All limitations considered (especially including my ability), I would still much prefer sticking to PA so I don't have to deal with all that icky server stuff. I would probably stick to a non-subdomain way (meaning, using urls) of implementing the same functionality at the moment, but of course that wouldn't be ideal.

I would love to hear any thoughts on the matter!

*** The above is the result of an afternoon's research findings. If I sound like an idiot, let me know. I'll be glad if I've been thinking about things in too complex terms :)

{{ wildcard }} == * // don't know how to get rid of the italics

It's unlikely that you'll be able to make domain-based multi tenancy work on PythonAnywhere, but you could get something working with a WSGI app that acts as a switching point for your other WSGI apps where each one is at its own space (like http://here.com/webapp1 and http://here.com/webapp2). Each app could be entirely stand alone except that they publish their wsgi app with a particular name that the switching app could import. It's not a perfect solution, because unless you do something weird with imports and reloads, adding a new wsgi app or changing one of the apps would require a reload of the switching app.

Yup... Thought so :/ Oh well, at least I know my options clearer now! Thanks glenn!

I've added handling wildcard domains to our to-do list, I don't know how much work it would be but it's something we should at least be thinking about.

Sounds great! :)

+1 for wildcard domains. I'm using web2py and it has great support for multi-tenancy. Right now I'm just detecting the tenant after login but I'd like to use a unique subdomain for each tenant (web2py can also use the first URL arg) to show a personalized home page.

+1 for wildcard domains.

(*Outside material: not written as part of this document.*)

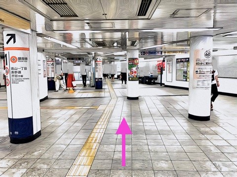 1番線が渋谷方面行きホーム(1号車1番扉/先頭から1両目)

Setting up multi tenancy sounds intriguing, especially now that Postgre is available, but I don't see it being as easy as I hoped since I don't think it is possible to set up and use subdomains on the fly on PA.

+1 noted!

+1 for wildcard domains - I have something I want to host on PA that's multitenanted based on subdomain!

+1 noted :-)

Have the same issue. Any progress on the wildcard domains?

We have made some progress and some infrastructure changes to make this more feasible (eg: how you can change your webapps to a different domain now). But we have not implemented wildcard domains yet.

It seems today it is not possible to use e.g. "django-tenant-schema" with postgress on Python Anywhere due to the wildcard domain limitation?

See: https://django-tenant-schemas.readthedocs.io/en/latest/index.html

Then what is the suggested approach to implement multi-tenancy today without wildcard domains?

If u want to have infinite number of x.yourdomain.com and y.yourdomain.com etc, PythonAnywhere doesn't support that right now.

Is there a plan or a solution to work around this?

See also my post here: http://stackoverflow.com/questions/40973589/multi-tenant-django-application-using-url-mappings-instead-of-domain-mappings

If not, I will be pushed towards other SaaS providers

I've just posted on your Stack Overflow question -- it looks like django-multitenants may have been planned to be a fork of django-tenant-schemas that supported URL-based mapping, but that feature was never added.

It's going to be a while before we support wildcard domains -- we're taking steps in that direction, but it's a major change to the way we route requests around our system, which right now is based on the hostname in the request, so we're taking it one step at a time to make sure we don't break stuff.

Could you give a few more details about why you're looking into multi-tenancy specifically, rather than (say) just extracting a user object from the request's URL? For example, are you planning to use different databases for each user, or something like that? With a few more details we might be able to suggest something.

Why multi-tenancy:

My app is nearly ready for 1 customer. But since the business model doesn't make sense with just 1 customer, I need to foresee the application & the deployment infrastructure for multiple customers.

The most obvious way to support multiple customers without complicating the application code (extra query & additional logic in almost every view) is multi-tenancy.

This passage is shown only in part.